Directions for this task: Going through the material below, output exactly the lines from the one containing "Aria di Lusso, компания" through the one containing "注:當(dāng)廢水濃度越", and no pictures.
Records to process Start Marker
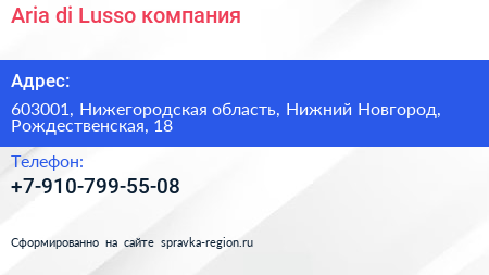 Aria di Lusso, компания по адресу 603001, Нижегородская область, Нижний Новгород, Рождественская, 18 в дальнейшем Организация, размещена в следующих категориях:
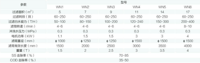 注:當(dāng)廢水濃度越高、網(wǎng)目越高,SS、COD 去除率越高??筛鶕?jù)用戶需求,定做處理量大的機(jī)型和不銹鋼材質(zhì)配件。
Records to process End Marker
Records to process Start Marker
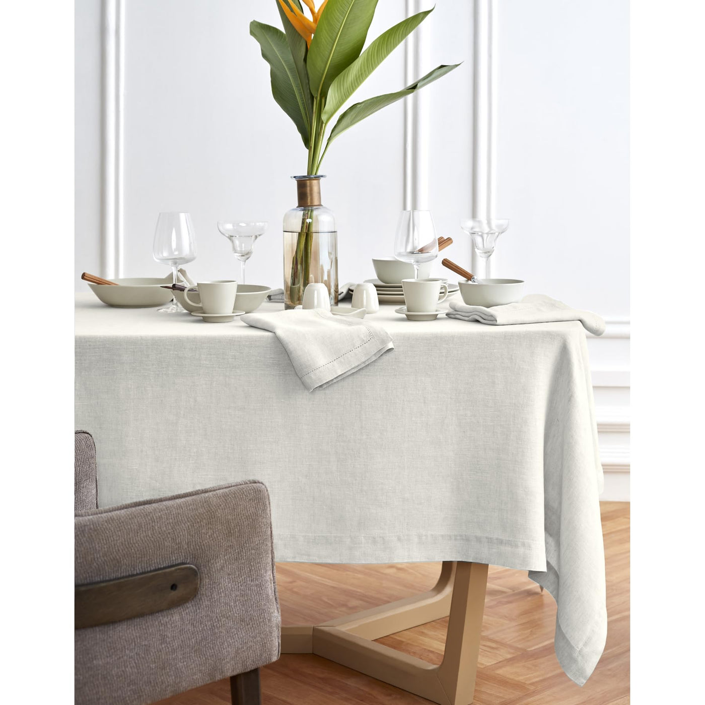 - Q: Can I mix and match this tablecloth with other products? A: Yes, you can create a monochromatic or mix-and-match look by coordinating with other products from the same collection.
Records to process End Marker
Answer area:
 Aria di Lusso, компания по адресу 603001, Нижегородская область, Нижний Новгород, Рождественская, 18 в дальнейшем Организация, размещена в следующих категориях:
 注:當(dāng)廢水濃度越高、網(wǎng)目越高,SS、COD 去除率越高??筛鶕?jù)用戶需求,定做處理量大的機(jī)型和不銹鋼材質(zhì)配件。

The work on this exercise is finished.